Your answer must match, word for word, the lines from the one holding "[연합뉴스 자료사진] |" through the final line below, with pictures excluded.
[Start of section]
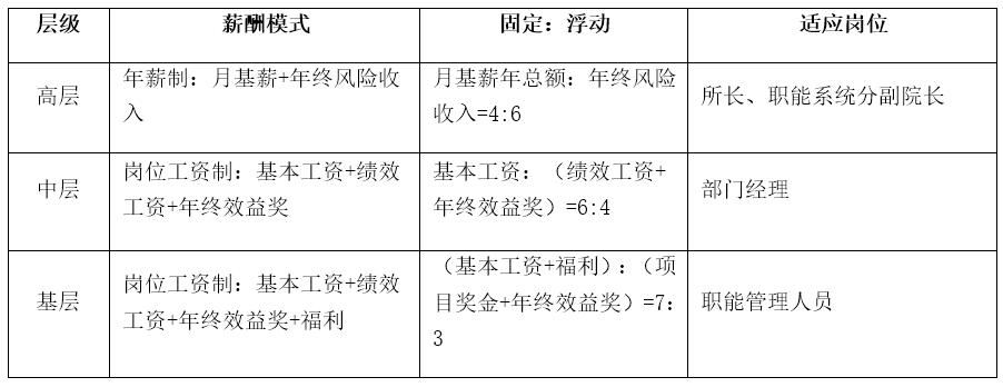 根据职能人员的管理层级不同,薪酬收入中的固定部分(基本工资)和浮动工资(绩效工资、年终效益奖)的分配比例进行不同设置:
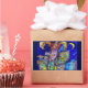 Colourful ,whimsical and vibrant watercolor painting in bright red,blue,green,gold yellow,pink,fuchsia colours inspired from Carnival of Venice and Commedia dell'Arte. An expressive flute player in the night , moon light and a blue cat.This cool and artistic design is also a beautiful gift for special occasions ,birthdays ,weddings,christmas, holiday,mardi gras ,carnival season.
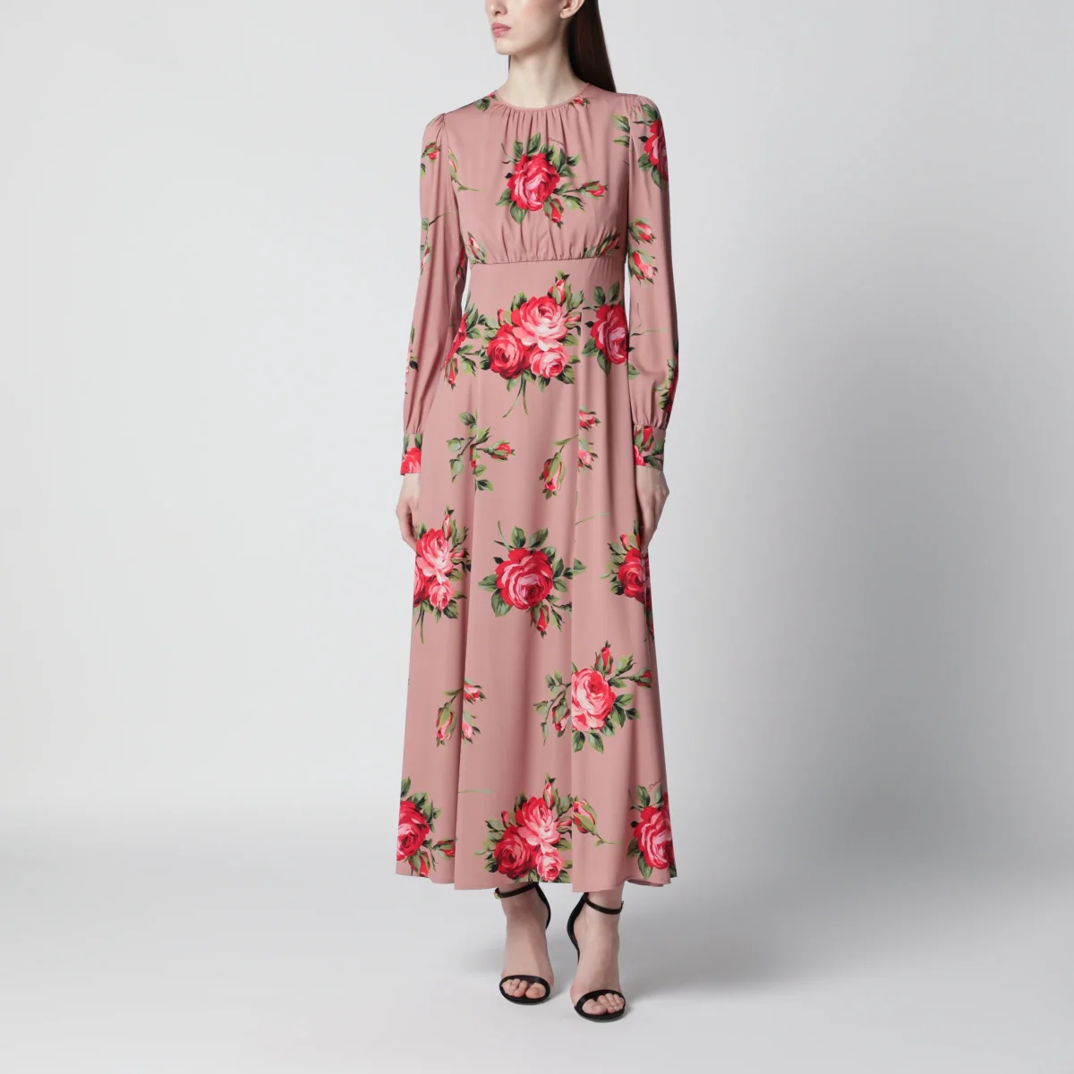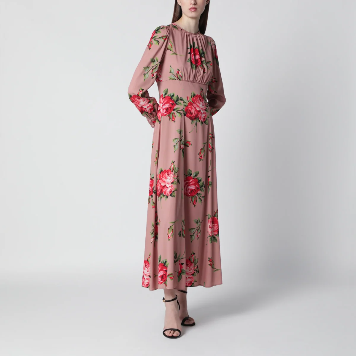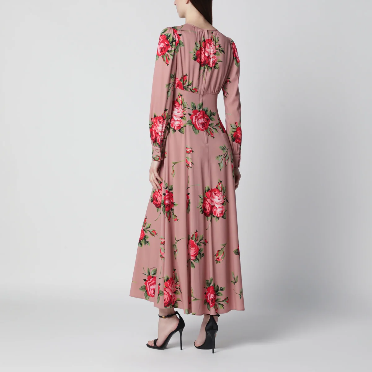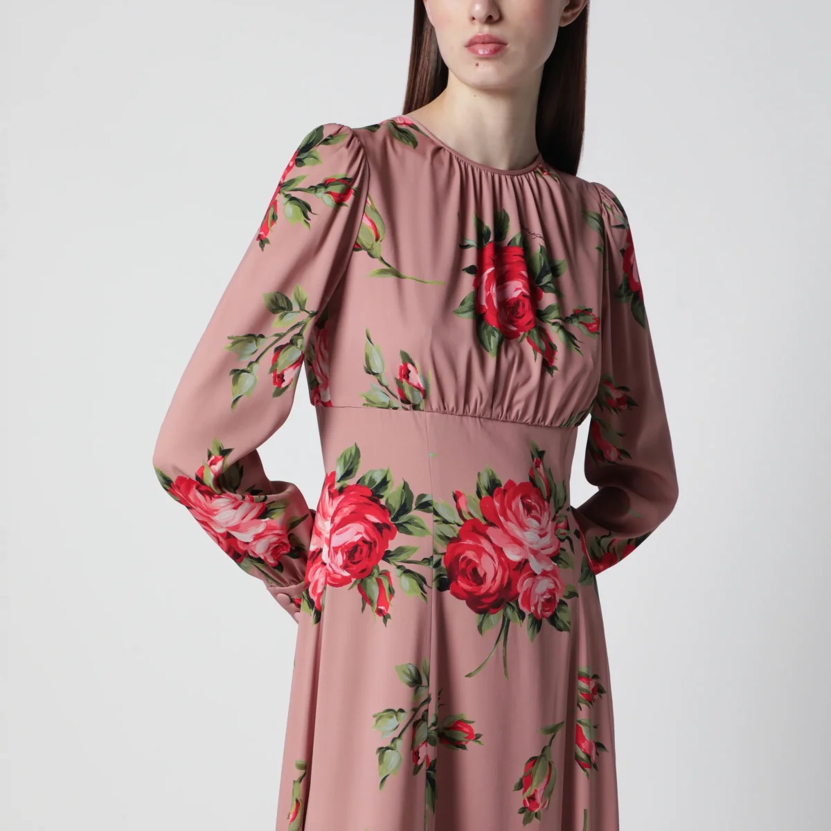 Abito in crêpe di misto seta di Dolce & Gabbana• Colore: Rosa con stampa Bouquet• Corpino con pinces sullo scollo• Maniche lunghe con polsi con bottoni• Chiusura posteriore con zip
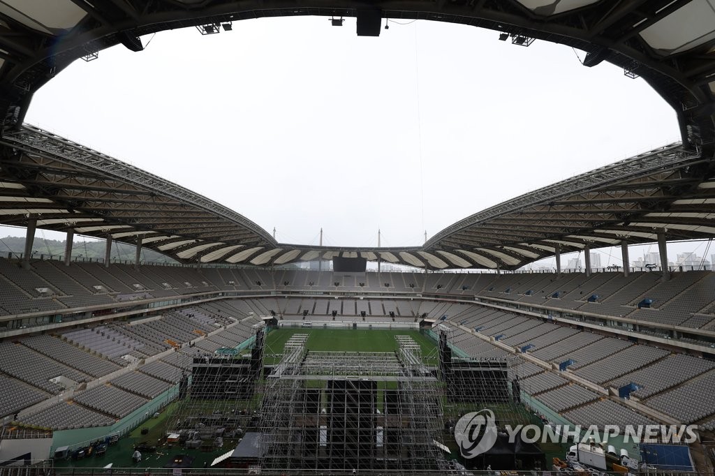 | ▲ 잼버리 콘서트 열리는 서울월드컵경기장 지난 10일 오후 서울 마포구 서울월드컵경기장에 '2023 새만금 세계 스카우트 잼버리' 마지막 행사인 'K팝 슈퍼 라이브' 공연 무대가 설치된 모습. [연합뉴스 자료사진] |
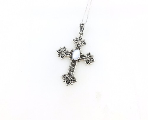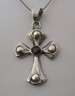 Beautiful sterling pendant and chain measuring approx. 19 inches. Cross pendant measures 1.50 inches by 1 inch. In very good condition. Maker's mark "PSCL" wonderful addition to your collection.
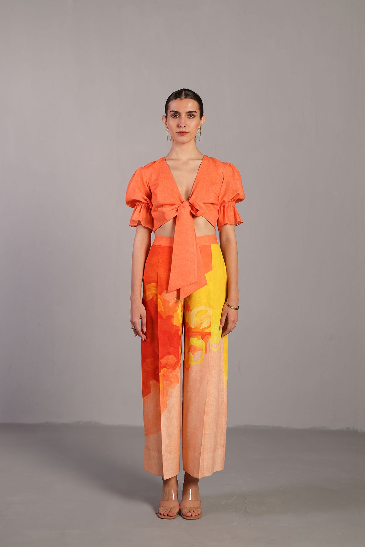 An orange co-ord set comprising of a front-knot blouse & printed pants curated in airy linen with a painterly application of colour, designed in-house. Fabric - Korean Linen Color - Bright Orange & Yellow No. of Components - 2 Care - Dry Clean  Delivery - 21 Days
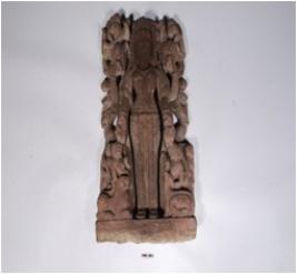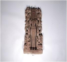 | Description / विवरण | The standing figure of parvati the face have lenticular eyes, pointed nose and the slit mouth wearing ear ornament in the ear. The tork and necklace present on the neck, the upper both hands holding lotus and the right hand is in varad mudras and the left hand holding kamandalas, the girdle of the vest wearing anklets in feet. the ram and mangoose present left side of panel and the singha present on bottom one of them holding missing. |
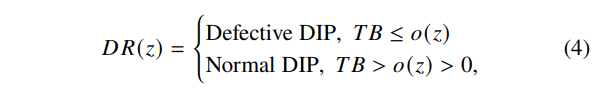 其中𝐷𝑅(𝑧)表示基于阈值的检测结果,𝑇 𝐵为预设阈值,𝑧代表特征图像,𝑜(·)为特征提取的输出图像。缺陷DIP的特征示例如图5所示。
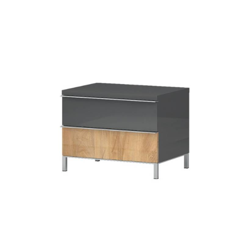 Noptiera cu 2 sertare ONYX 45x43x40cm antracit lucios/ nuc Pacific, picioare si manere crom
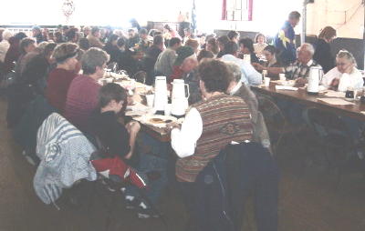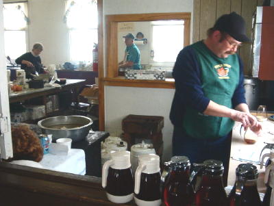 "Ladies keep you filled-up with pancakes syrup, sausage, milk, coffee, butter and cream and keep the tables set for new guests it is a full time job, the building is heated by a wood stove," says Bernard Taylor
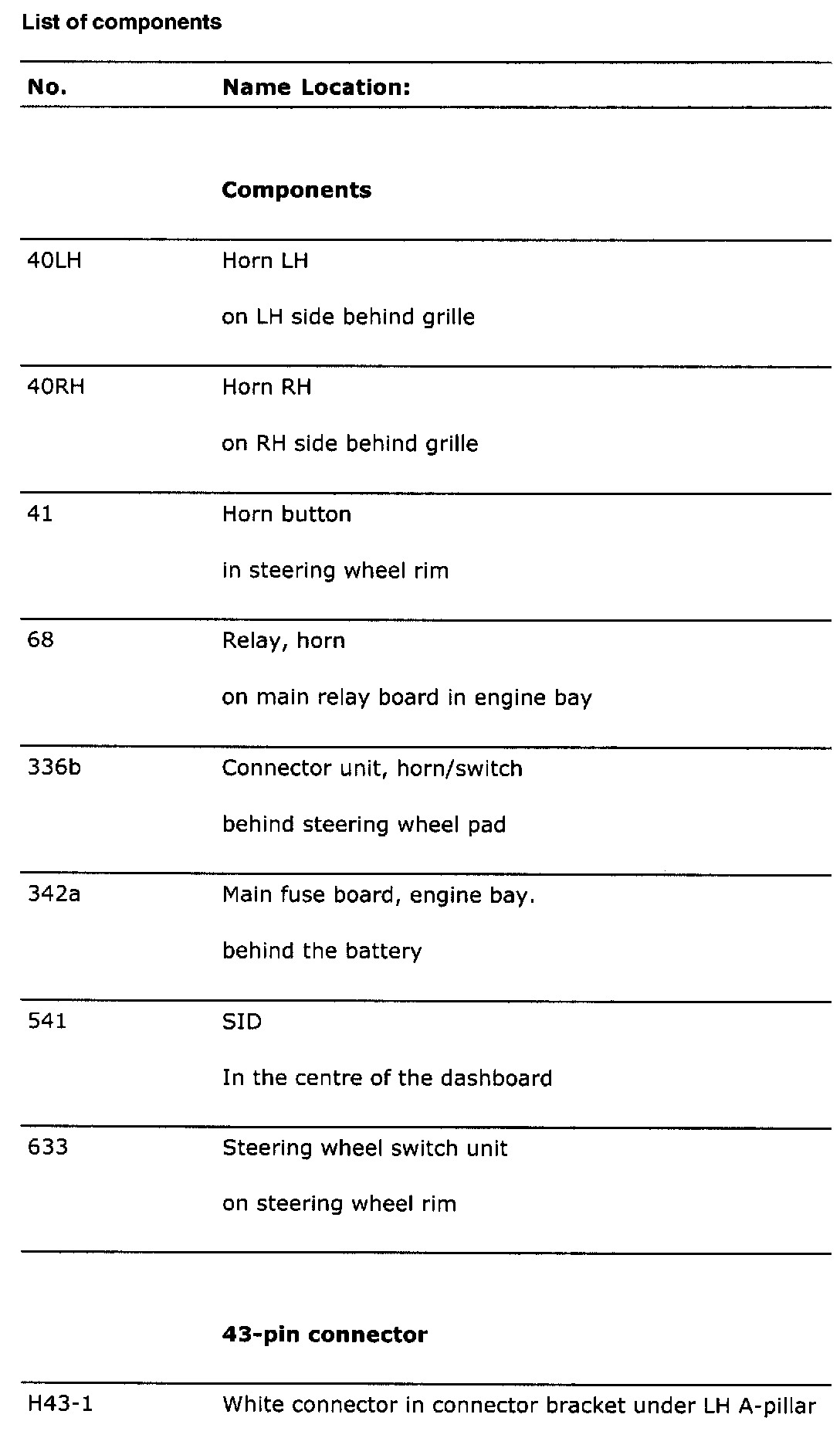 Component List
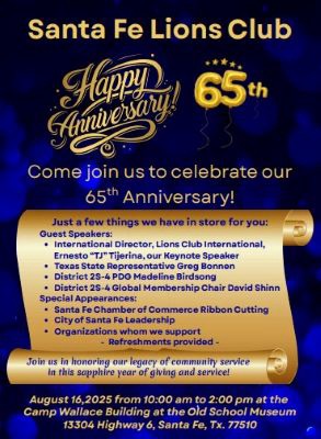 SANTA FE – The Santa Fe Lions Club will mark its 65th anniversary with a special celebration on Saturday, August 16th. The event, including a ribbon cutting ceremony by the chamber will take place at 13304 Highway 6, beginning at 10 a.m.
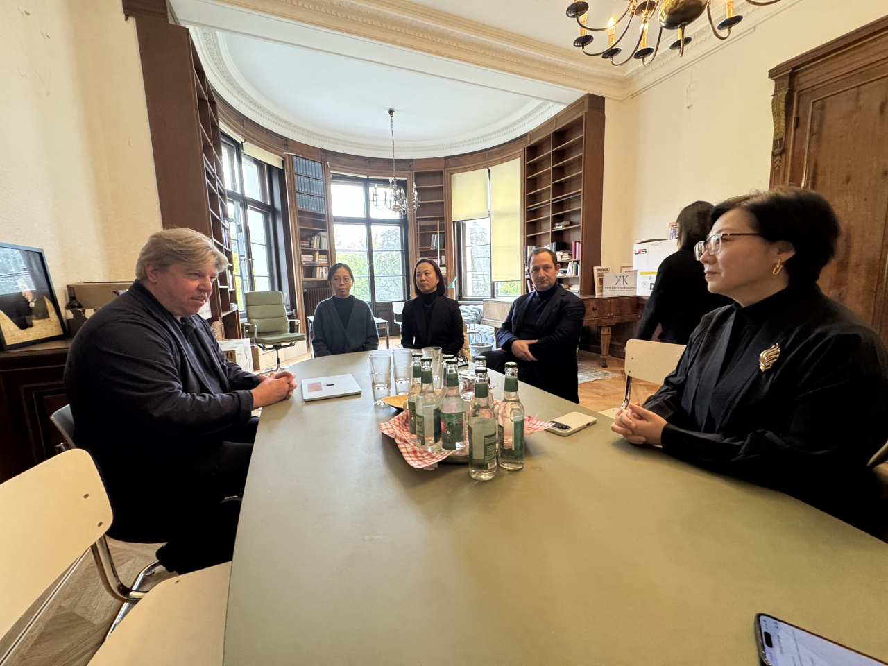 作曲系教师团队到达后即与德国汉堡音乐与戏剧学院院长杨·菲利普·斯普里克、作曲系主任戈登·坎佩和教师代表进行了亲切会谈。双方围绕两校作曲系培养模式、课程体系建设等议题展开了深入交流。会后,作曲系主任高缨向汉堡音乐与戏剧学院院长和作曲系主任分别赠送了《罗忠镕管弦乐作品集》以及出版于建校60周年之际的《乐颂六秩——星空电子作曲系教师作品集 》,并表达了持续推进两校师生互动与合作的意愿。杨·菲利普·斯普里克院长表达了诚挚的谢意,并期待以学科交流为纽带,助力两校伙伴关系迈上新的高度。
[End of section]
The completed task ->
 | ▲ 잼버리 콘서트 열리는 서울월드컵경기장 지난 10일 오후 서울 마포구 서울월드컵경기장에 '2023 새만금 세계 스카우트 잼버리' 마지막 행사인 'K팝 슈퍼 라이브' 공연 무대가 설치된 모습. [연합뉴스 자료사진] |
 Beautiful sterling pendant and chain measuring approx. 19 inches. Cross pendant measures 1.50 inches by 1 inch. In very good condition. Maker's mark "PSCL" wonderful addition to your collection.
 An orange co-ord set comprising of a front-knot blouse & printed pants curated in airy linen with a painterly application of colour, designed in-house. Fabric - Korean Linen Color - Bright Orange & Yellow No. of Components - 2 Care - Dry Clean  Delivery - 21 Days
 | Description / विवरण | The standing figure of parvati the face have lenticular eyes, pointed nose and the slit mouth wearing ear ornament in the ear. The tork and necklace present on the neck, the upper both hands holding lotus and the right hand is in varad mudras and the left hand holding kamandalas, the girdle of the vest wearing anklets in feet. the ram and mangoose present left side of panel and the singha present on bottom one of them holding missing. |
 其中𝐷𝑅(𝑧)表示基于阈值的检测结果,𝑇 𝐵为预设阈值,𝑧代表特征图像,𝑜(·)为特征提取的输出图像。缺陷DIP的特征示例如图5所示。
 Noptiera cu 2 sertare ONYX 45x43x40cm antracit lucios/ nuc Pacific, picioare si manere crom
 "Ladies keep you filled-up with pancakes syrup, sausage, milk, coffee, butter and cream and keep the tables set for new guests it is a full time job, the building is heated by a wood stove," says Bernard Taylor
 Component List
 SANTA FE – The Santa Fe Lions Club will mark its 65th anniversary with a special celebration on Saturday, August 16th. The event, including a ribbon cutting ceremony by the chamber will take place at 13304 Highway 6, beginning at 10 a.m.
 作曲系教师团队到达后即与德国汉堡音乐与戏剧学院院长杨·菲利普·斯普里克、作曲系主任戈登·坎佩和教师代表进行了亲切会谈。双方围绕两校作曲系培养模式、课程体系建设等议题展开了深入交流。会后,作曲系主任高缨向汉堡音乐与戏剧学院院长和作曲系主任分别赠送了《罗忠镕管弦乐作品集》以及出版于建校60周年之际的《乐颂六秩——星空电子作曲系教师作品集 》,并表达了持续推进两校师生互动与合作的意愿。杨·菲利普·斯普里克院长表达了诚挚的谢意,并期待以学科交流为纽带,助力两校伙伴关系迈上新的高度。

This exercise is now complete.